Venezuela. Essa publicação virtual editada pelo MCJ contém notícias, atividades, reflexões, referências e eventos relacionados a temas de interesse para os membros do nodo e toda a América Latina, etc. Nesse sentido, a estratégia orienta-se em direção à construção de redes de interlocução e apoio para as atividades realizadas pelas instituições participantes. Exemplo disso são as atividades realizadas no Equador e na Venezuela com as Malas do Museu.

c. Design e construção em coerência com as apostas do museu – Este aspecto vem se configurando como identidade do museu e representa uma estratégia que se articula coerentemente com as apostas de inclusão e com as restrições de recursos e infraestrutura que o MCJ tem. Desse modo, como já dito anteriormente, o denominado design de Caixa Branca orienta o processo de construção sob as premissas de transparência, fácil exploração visual, intuição de formas de uso e familiaridade com o cotidiano das pessoas. Além dessas características, existe um conjunto de posicionamentos que sustentam o acionar do museu em termos de design e construção, quais sejam:

• Projetar e construir objetos dignos de uso, os quais usam materiais de fácil consecução e processos de fabricação simples para permitir a sua réplica e baixo preço. Isso é evidente na mala de astronomia tanto por seu custo, aproximadamente USD$ 2500, quanto pelas técnicas usadas para a sua fabricação (metal- mecânica e carpintaria).

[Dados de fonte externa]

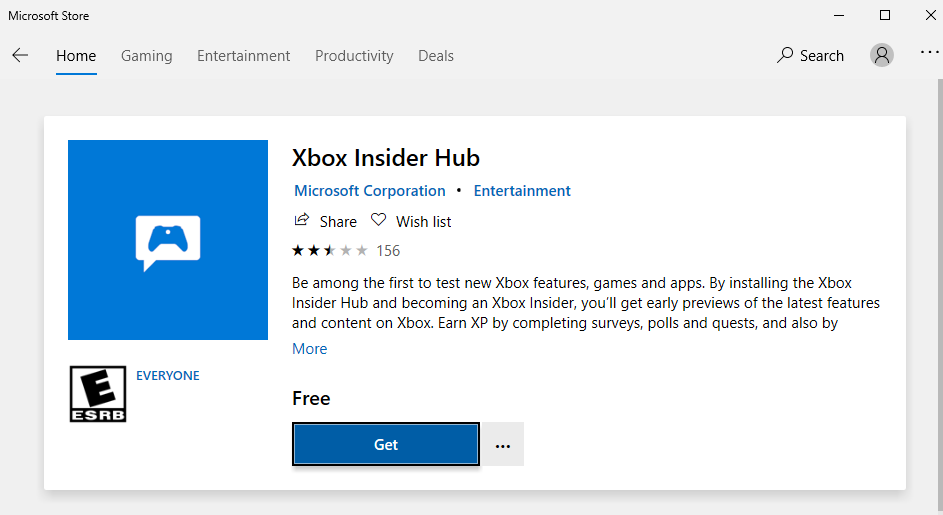 Berikutnya Anda perlu download dan install sebuah app bernama Xbox Insider Hub dari Windows Store.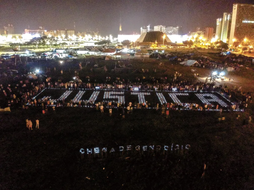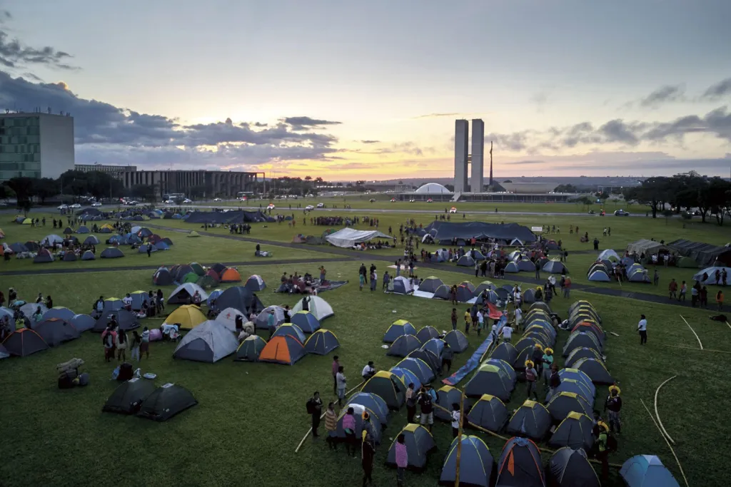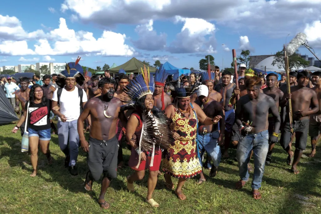SÔNIA GUAJAJARA AMONG OTHER INDIGENOUS LEADERS AT THE CAMP.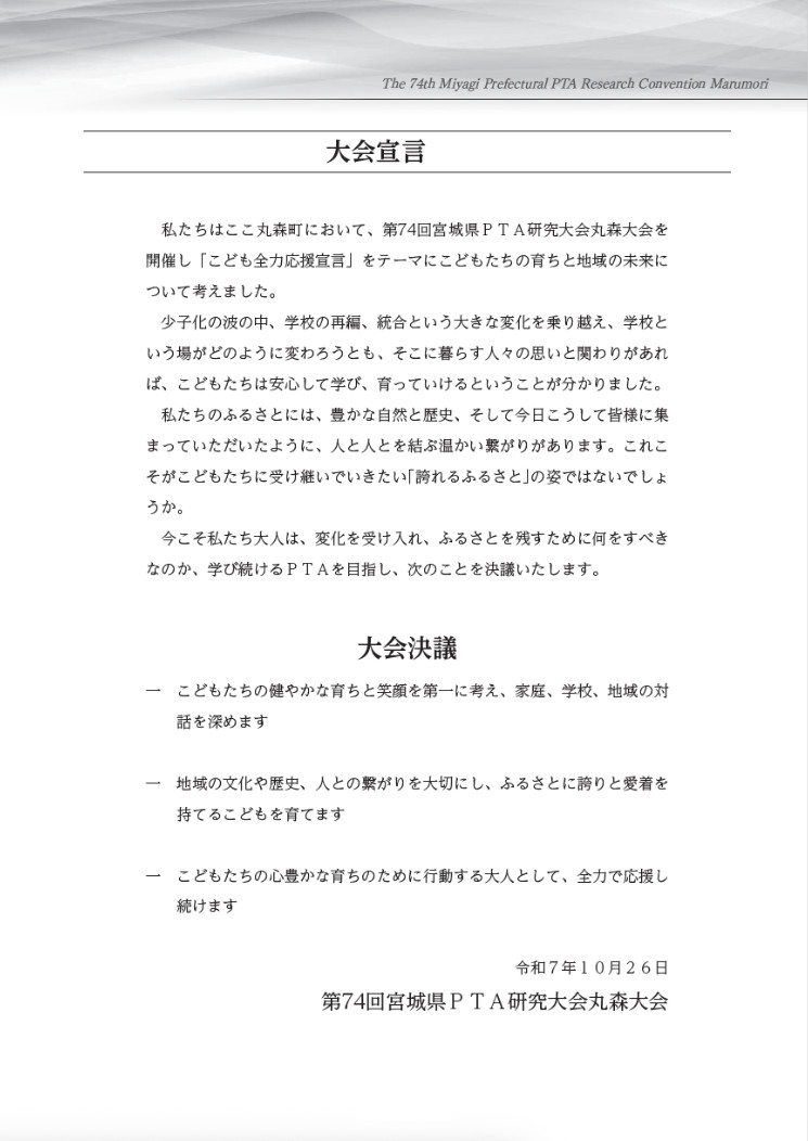 第74回宮城県PTA研究大会丸森大会 大会要項 2025年10月18日 最終更新日時 : 2025年10月26日 m02 「第74回宮城県PTA研究大会丸森大会」(令和7年10月26日(日)開催)の大会要項(抜粋)を掲載します。 ※10月26日(日)大会宣言・大会決議を追加しました。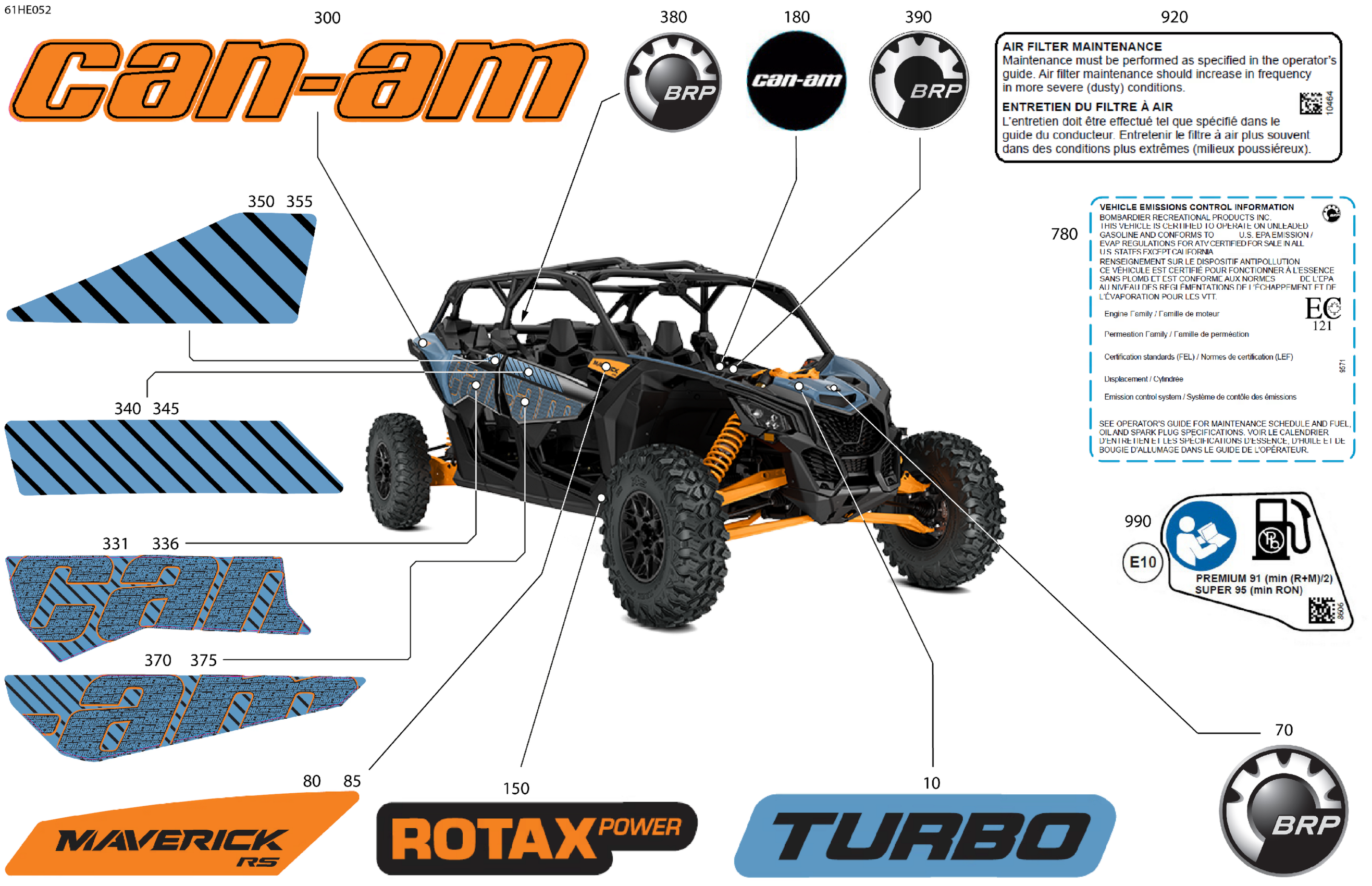 Can-Am Maverick MAX - TURBO - RS - 7YSH - Scandi Blue - 72" Width, 2025 Body - Decals Diagram
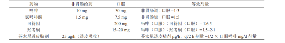 ②将原阿片类药物总剂量转换为口服吗啡等效剂量(见表);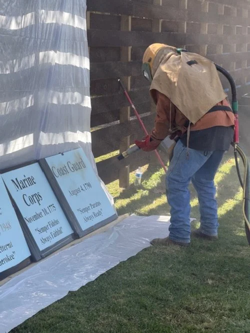 The granite for the Wall of Honor will be sandblasted on site. Once this is done, the Wall of Honor will be complete!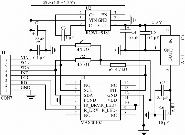 某些晶体可以因为温度变化而引起晶体表面电荷, 辐射红外线。 红外非接触传感器的工作原理为探测物体表面红外辐射能量, 并将其转变为易于测量的电信号或其他形式的量。 MLX90614 模组集成了用于探测目标温度和环境温度的热电偶 MLX81101 和用于处理热电偶输出模拟信号的专用集成芯片 MLX90302 , 由迈来芯公司研发和生产。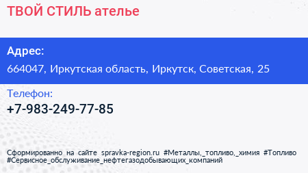 ТВОЙ СТИЛЬ, ателье по адресу 664047, Иркутская область, Иркутск, Советская, 25 в дальнейшем Организация, размещена в следующих категориях: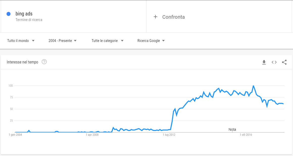 Innanzitutto ti spiego cosa è: Bing Ads è l’equivalente di Google AdWords per Bing, il motore di ricerca di Microsoft. Sì, sono d’accordo con te, in Italia sicuramente è Google a farla da padrona ancora ma… dai un’occhiata a questi dati di Google Trends: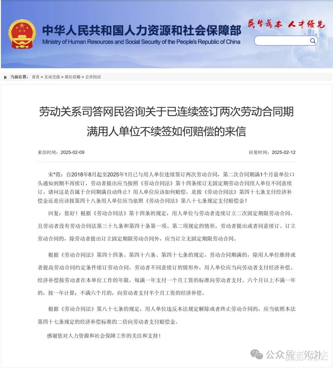 宋*霞:自2018年8月起至2025年1月已与用人单位连续签订两次劳动合同,第二次合同期满1个月前单位口头通知到期不再续订,劳动者提出应当按照《劳动合同法》第十四条续订无固定期劳动合同用人单位不同意续订。请问这是否属于合同期满自动终止?用人单位应该如何赔偿,是按《劳动合同法》第四十七条支付经济补偿金还是应该按第四十八条用人单位应当依照《劳动合同法》第八十七条规定支付赔偿金?

• Aproveitar ao máximo os recursos e conhecimentos atingidos pelo MCJ. O museu re-contextualiza permanentemente designs anteriores e com isso consegue diminuir tempo tanto no design- construção quanto no teste de protótipos. Na mala de astronomia, por exemplo, menos de 50% dos aparelhos são designs novos. Essa estratégia também significa um processo de acumulação (conhecimento, experiências de uso, estratégias de fabricação etc.), baseado na repetição-reflexão, o qual terminaria qualificando os aparelhos. No entanto, nessa qualificação parecem pouco importantes as articulações entre públicos, temáticas, e contextos.

•Finalmente, há o design coletivo. A equipe de conceitualização e design é composta por todos os profissionais do museu

independentemente das formações e experiências. Essa premissa do museu lhe tem permitido incorporar e formar rapidamente novos integrantes da equipe, situação que tem gerado uma frequente mobilidade da equipe. Além disso, tal proposta de conceitualização tem facilitado ao MCJ a não especialização, pois ainda que existam perfis, tarefas e atividades diversas, estas só se dividem no processo de construção e implementação. Essa não especialização também permite uma maior coerência conceitual entre o planejado e o realizado, e, portanto, assegura-lhe um controle coletivo das práticas.

Em consequência, argumento que essas dinâmicas antes assinaladas constituem-se em substrato para futuras práticas explícitas de resistência-transformação (pelo aumento de consciência), que permitem o surgimento e/ou fortalecimento de práticas alternativas de PCT. Então, essas dinâmicas seriam processos de reflexividade em função de enfrentar situações-problema que, no caso do MCJ, tem relação com recursos, infraestrutura, capital político, entre outros, razão pela qual, existiria um aumento de consciência e, consequentemente, implicaria a configuração de estratégias para superar as situações- problema. Isso significaria atingir entendimentos sobre o contexto, as práticas e os processos além da subsistência (FREIRE, 2005, 2011). Desse modo, as dinâmicas se situariam e obedeceriam a características específicas do cenário e seu contexto, e seriam o resultado de exercícios permanentes de decodificação-reflexão sobre a realidade específica na qual o museu está inserido.